Mass spectrometry: ESI (m/z): 280.1; nuclear magnetic resonance hydrogen spectrum: 1 HNMR(400MHz,d-DMSO)δ7.25(s,1H),7.18(d,J=4Hz,1H),6.85(d,J=4Hz,1H),4.90~4.76(m,2H),4.59(s,2H),4.44~4.40(m,2H),3.65(br,2H),3.15~2.90(m,2H),2.77~2.52(m,2H),2.03(s,1H),1.50(s,6H),1.27(s,9H)。
EXAMPLE 4 preparation of Levoalbuterol hydrochloride
372g of the compound (R) -2- (tert-butylamine) -1- (2, 2-dimethyl-4H-benzo [ D ] [1,3] dioxin-6-yl) ethanol D- (+) -malate obtained in example 3 was added to a 5000mL beaker, 1500mL of purified water was added, the solution was stirred and dissolved, 1500mL of methylene chloride was further added, and the mixture was cooled in an ice bath. Adding a proper amount of strong ammonia water slowly under stirring, adjusting the pH of the water phase to 9-10, continuously stirring for 30min, standing and layering. The organic layer was separated and collected, and the aqueous layer was added with 1000ml of dichloromethane, followed by stirring for 10min and allowed to stand for delamination. The organic layers were separated and collected, the organic layers were combined, 2000ml of saturated sodium chloride solution was added to the organic layers, stirred for 30min, allowed to stand for delamination, the organic layers were collected, dried over a suitable amount of anhydrous sodium sulfate, filtered, washed with dichloromethane, and the filtrate was collected.

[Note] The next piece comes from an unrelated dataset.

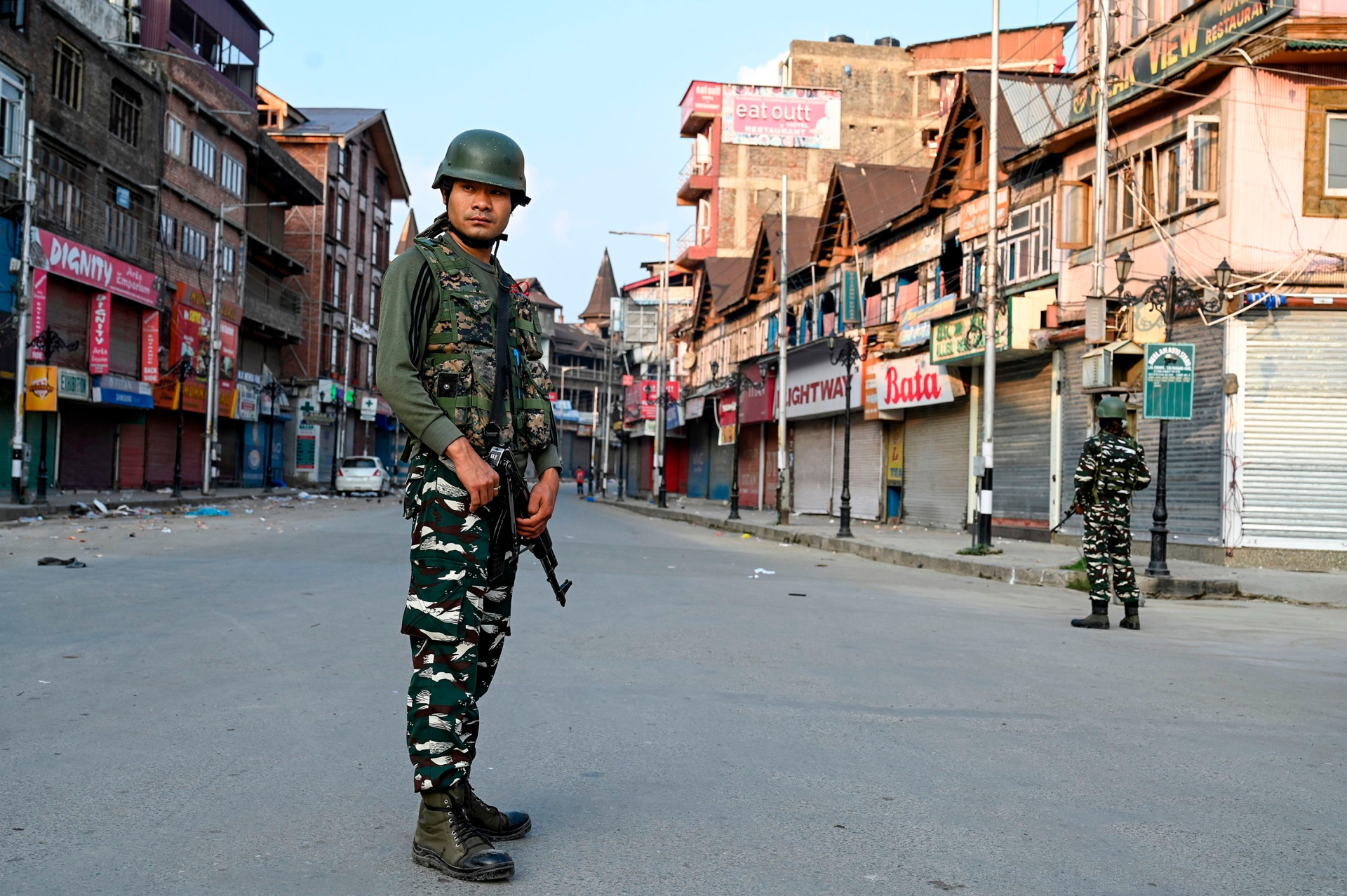 Proteste contro l'abolizione da parte dell'India dell'autonomia del Kashmir. Truppe paramilitari indiane bloccano una strada durante il coprifuoco a Srinagar

The filtrate is concentrated to about 1500mL by rotary evaporation, transferred into a 5000mL three-mouth bottle and placed in an ice bath for cooling to 5-15 ℃. About 110g of 30% hydrogen chloride ethanol solution was added dropwise under stirring, and after the completion of the dropwise addition, 2000mL of methyl tert-butyl ether was added dropwise under stirring, whereby a large amount of white solid was precipitated. After the addition, stirring for 3 hours at the temperature of 5-15 ℃, filtering, washing a filter cake by adding methyl tertiary butyl ether, collecting the filter cake, and drying to obtain 241.5g, wherein the yield is 97.3%. The purity was 99.95% by HPLC analysis, and the isomer content was not detected, see FIGS. 1-4. The total yield of the four-step reaction is 87.5 percent.